▶ Directions for this task: The lines below must be transcribed exactly as given, with the images removed.

Top of Available data

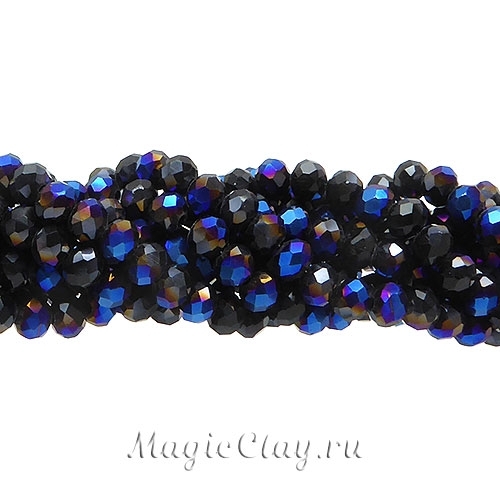 Бусины рондели граненые, стеклянные. Бусины непрозрачные чёрного цвета. Половина бусины с покрытием синего цвета металлик. Грани красиво переливаются на свету.
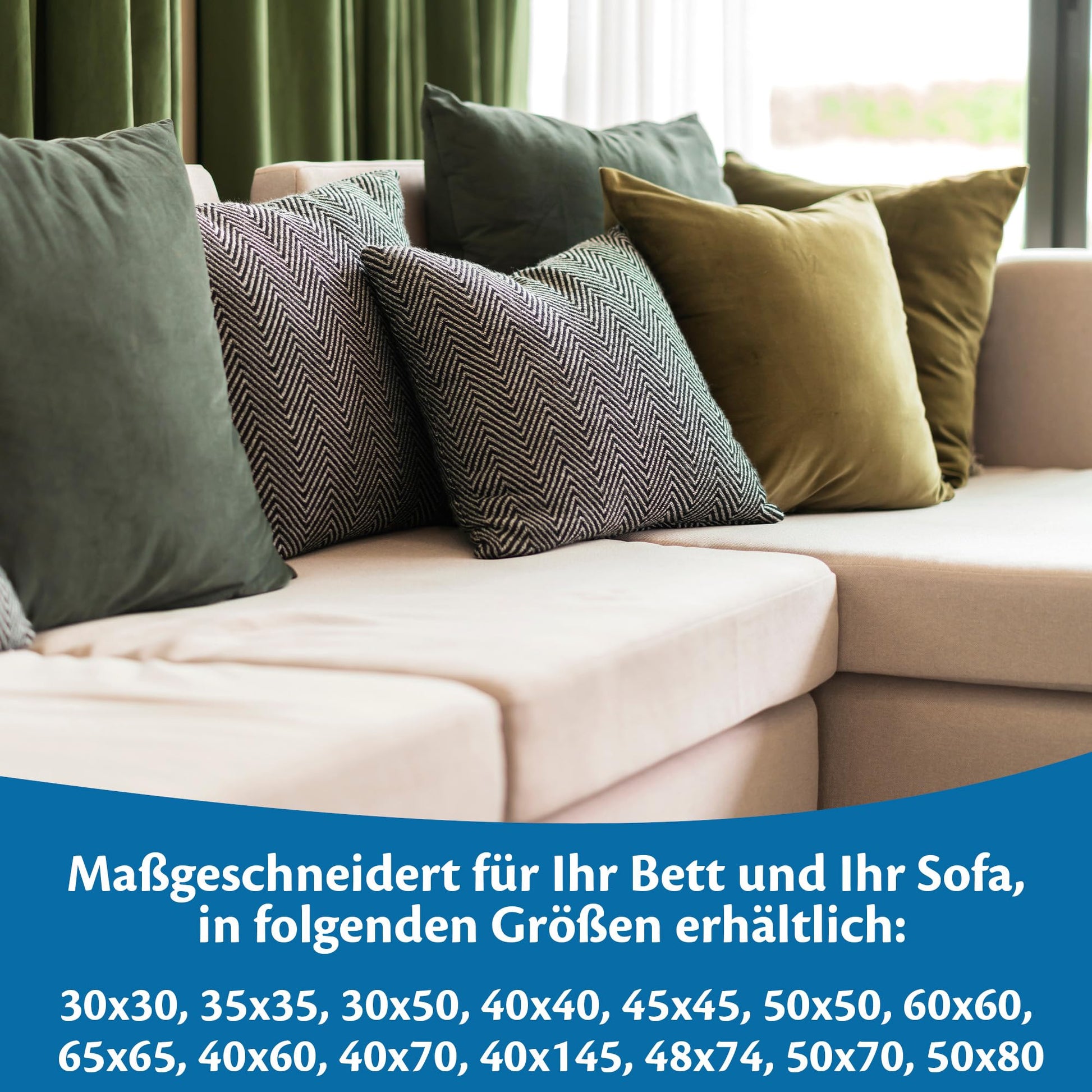 THE TAILORED SOLUTION FOR YOUR FURNITURE: The pillows are available in various sizes and quantities per set, perfectly matching your style. We have exactly what you need. Achieve optimal decor results and ensure a pleasant night's sleep. Available sizes: 30x30, 30x50, 35x35, 40x40, 40x60, 40x70, 40x80, 40x145, 45x45, 48x74, 50x50, 50x70, 50x80, 60x60, 65x65, and 80x80."
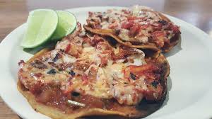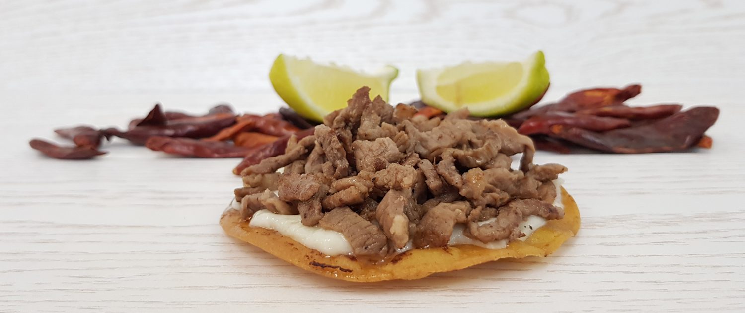 Tortilla de maíz tostada con carne y queso fundido, incluye salsas, limón y verduras.
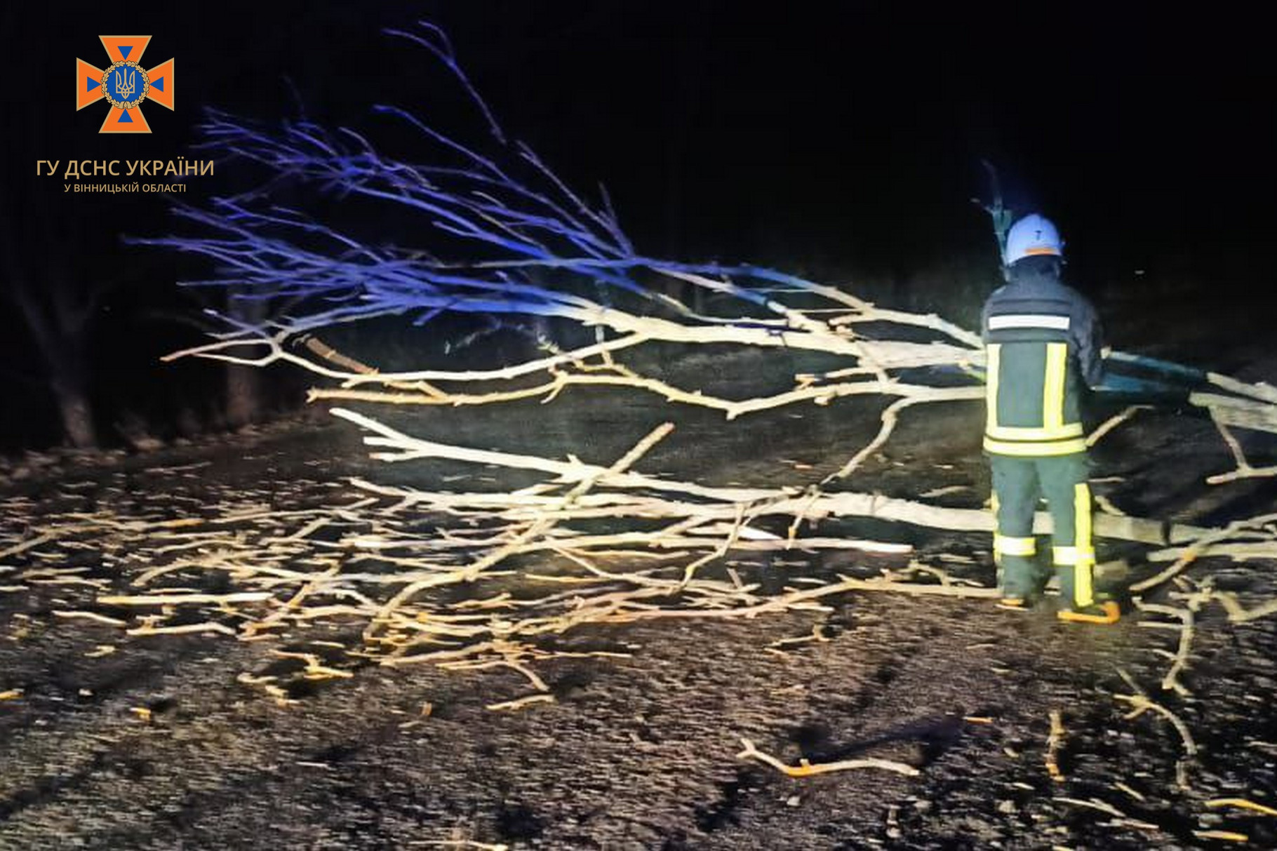 «Внаслідок сильного пориву вітру, бійці ДСНС розкряжували та прибрали повалені дерева з проїжджих частин доріг, що перешкоджали руху автотранспорту у м. Вінниці, в Вінницькому та Хмільницькому районах області», - зазначено в інформації рятувальників.
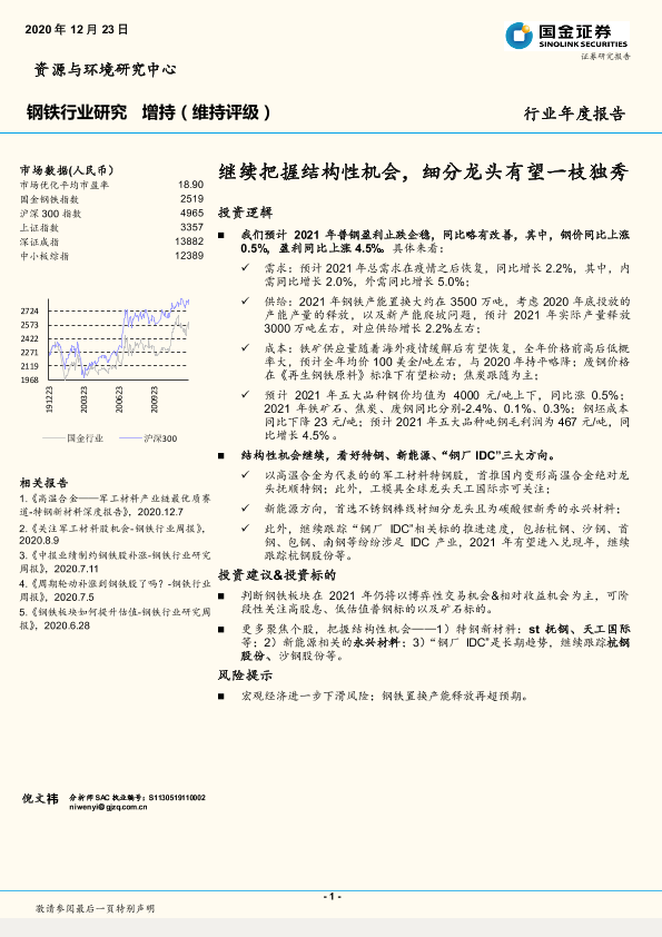 【国金证券】【20201223】20201223-国金证券-钢铁行业研究:继续把握结构性机会,细分龙头有望一枝独秀-18页
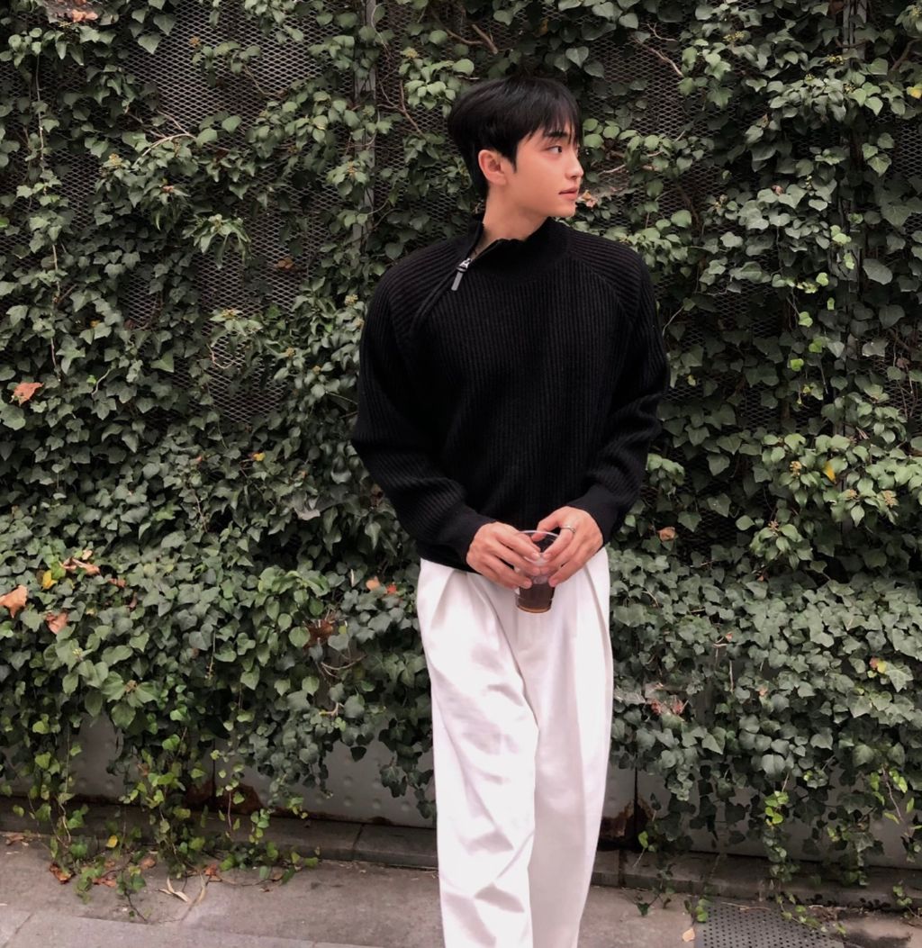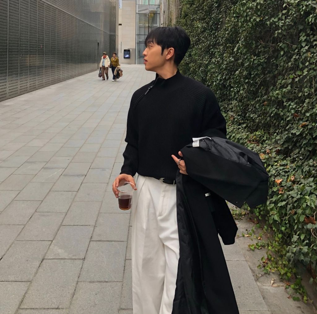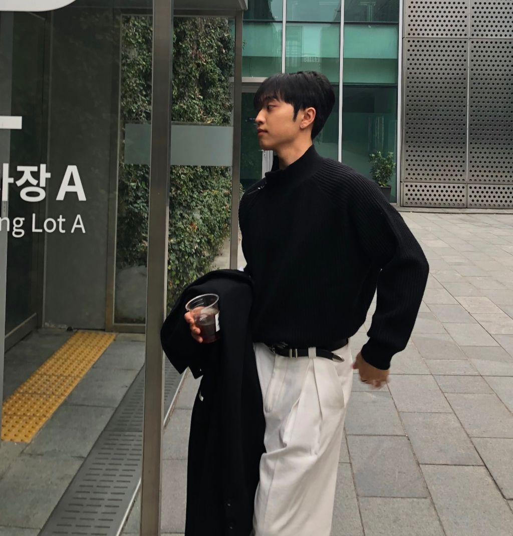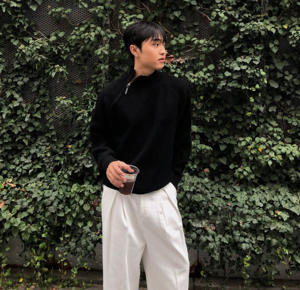斜開高領 拉鍊裝飾 紋路布料 針織衫毛衣 四色

Bottom of Available data

▶ Exercise response:
 Бусины рондели граненые, стеклянные. Бусины непрозрачные чёрного цвета. Половина бусины с покрытием синего цвета металлик. Грани красиво переливаются на свету.
 THE TAILORED SOLUTION FOR YOUR FURNITURE: The pillows are available in various sizes and quantities per set, perfectly matching your style. We have exactly what you need. Achieve optimal decor results and ensure a pleasant night's sleep. Available sizes: 30x30, 30x50, 35x35, 40x40, 40x60, 40x70, 40x80, 40x145, 45x45, 48x74, 50x50, 50x70, 50x80, 60x60, 65x65, and 80x80."
 Tortilla de maíz tostada con carne y queso fundido, incluye salsas, limón y verduras.
 «Внаслідок сильного пориву вітру, бійці ДСНС розкряжували та прибрали повалені дерева з проїжджих частин доріг, що перешкоджали руху автотранспорту у м. Вінниці, в Вінницькому та Хмільницькому районах області», - зазначено в інформації рятувальників.
 【国金证券】【20201223】20201223-国金证券-钢铁行业研究:继续把握结构性机会,细分龙头有望一枝独秀-18页
斜開高領 拉鍊裝飾 紋路布料 針織衫毛衣 四色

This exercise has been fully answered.